_TRY IT_: Only an exact copy is wanted: the lines from the one holding "Mark the letter" through the last line below, minus the pictures.

_SUPPLIED MATERIAL_:

===============

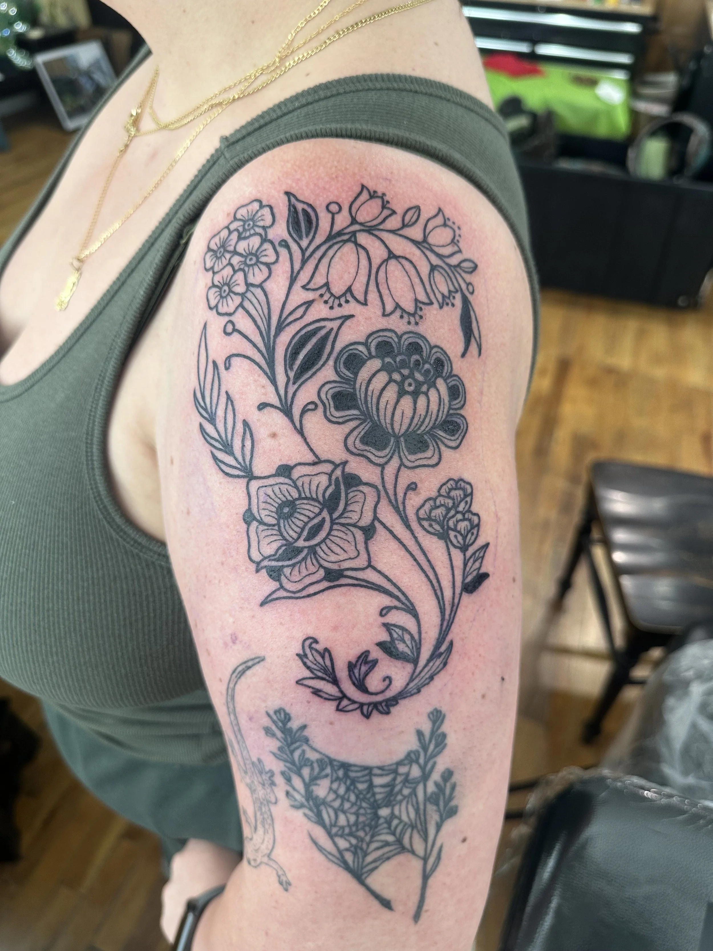 neotraditional, fineline, woodcut, lettering, nature, floral, animals, ornamental, occult, patchwork
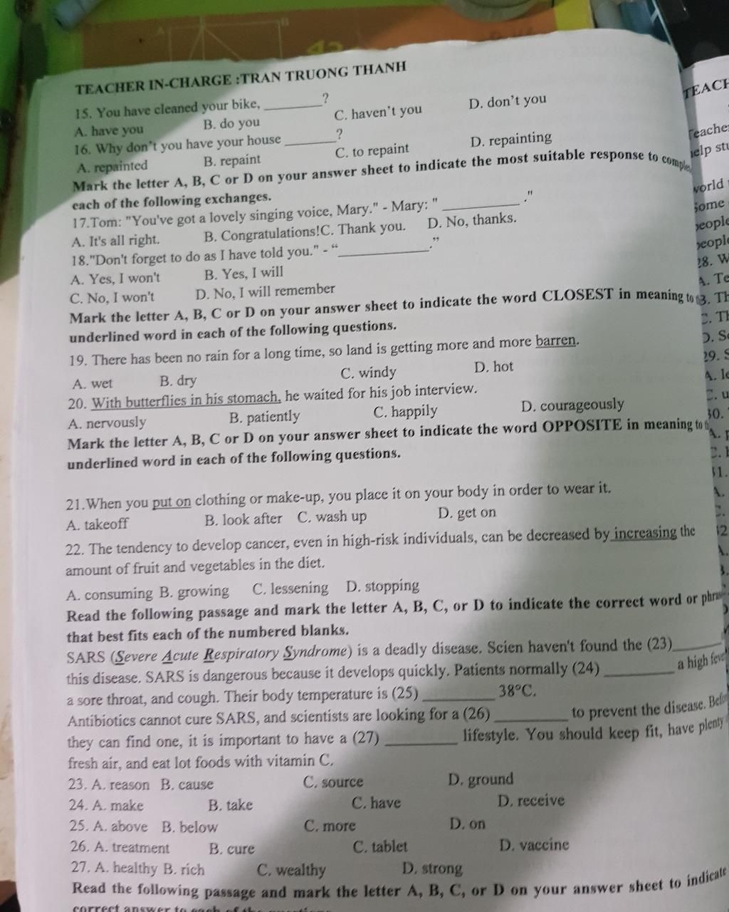 Mark the letter A, B, C or D on your answer sheet to indicate the most suitable response
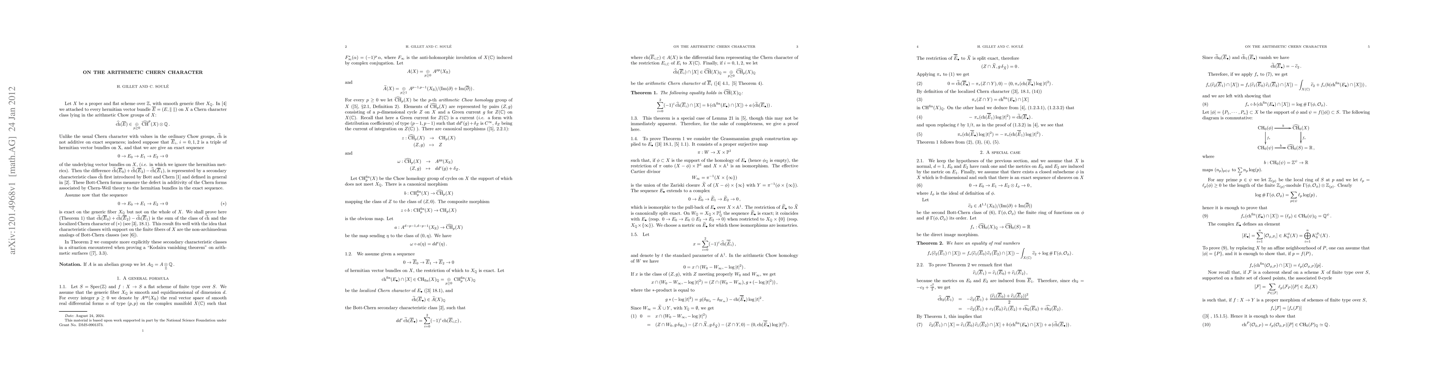 This paper proves that the alternated sum of arithmetic Chern characters for a short exact sequence of hermitian vector bundles on an arithmetic variety can be decomposed into the secondary Bott Chern character class and the Chern character supported on finite fibers. The authors compute these classes in the context of a "Kodaira vanishing theorem" for arithmetic surfaces.
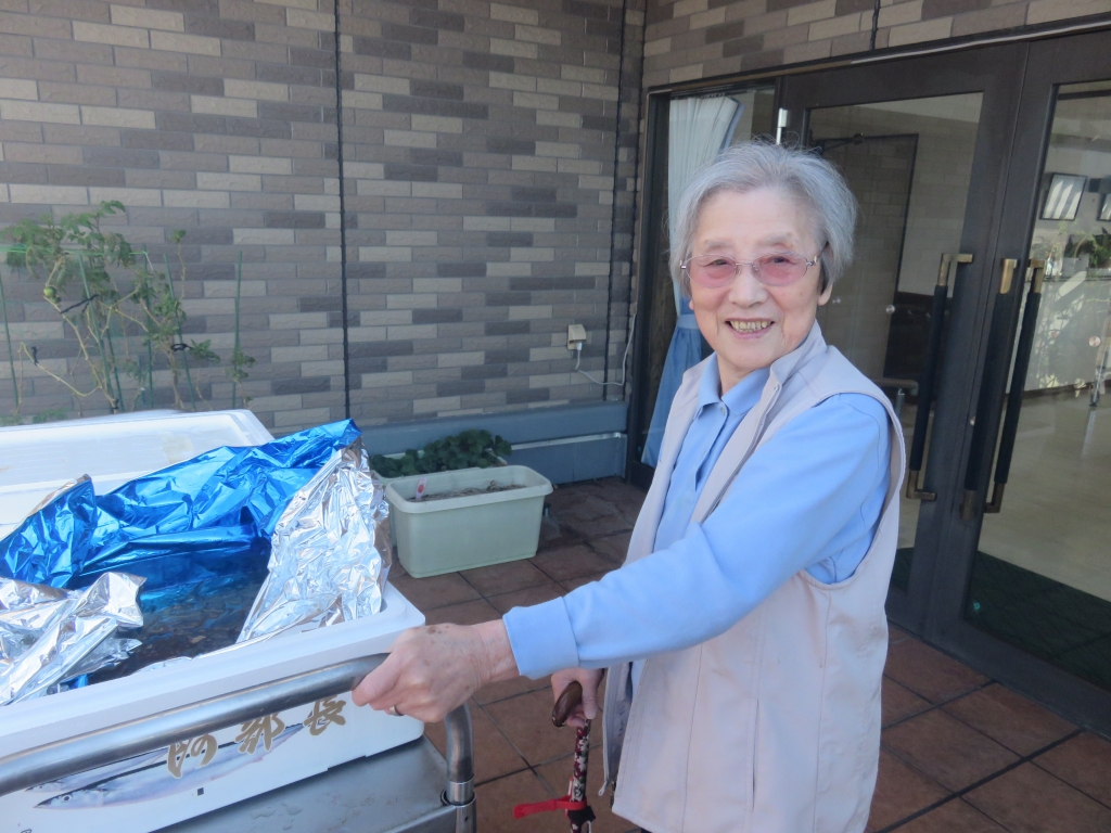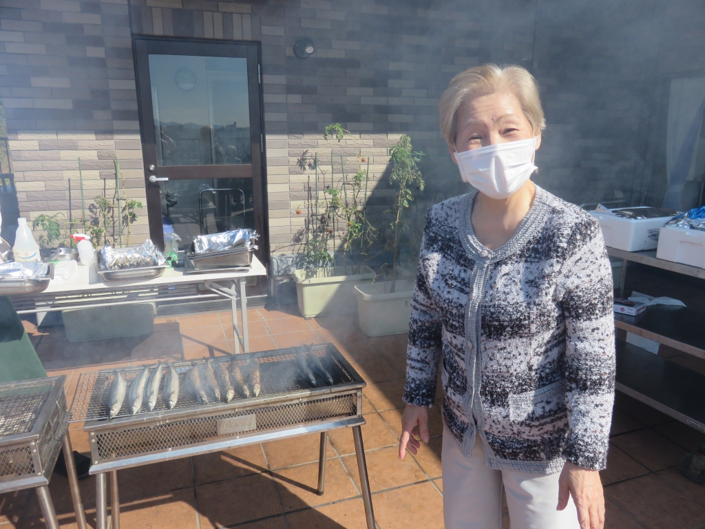 11月2日6階屋上にて炭火で秋刀魚を焼き昼食に皆さんに召し上がって頂きました!!

===============

_YOUR RESPONSE_:
 Mark the letter A, B, C or D on your answer sheet to indicate the most suitable response
 This paper proves that the alternated sum of arithmetic Chern characters for a short exact sequence of hermitian vector bundles on an arithmetic variety can be decomposed into the secondary Bott Chern character class and the Chern character supported on finite fibers. The authors compute these classes in the context of a "Kodaira vanishing theorem" for arithmetic surfaces.
 11月2日6階屋上にて炭火で秋刀魚を焼き昼食に皆さんに召し上がって頂きました!!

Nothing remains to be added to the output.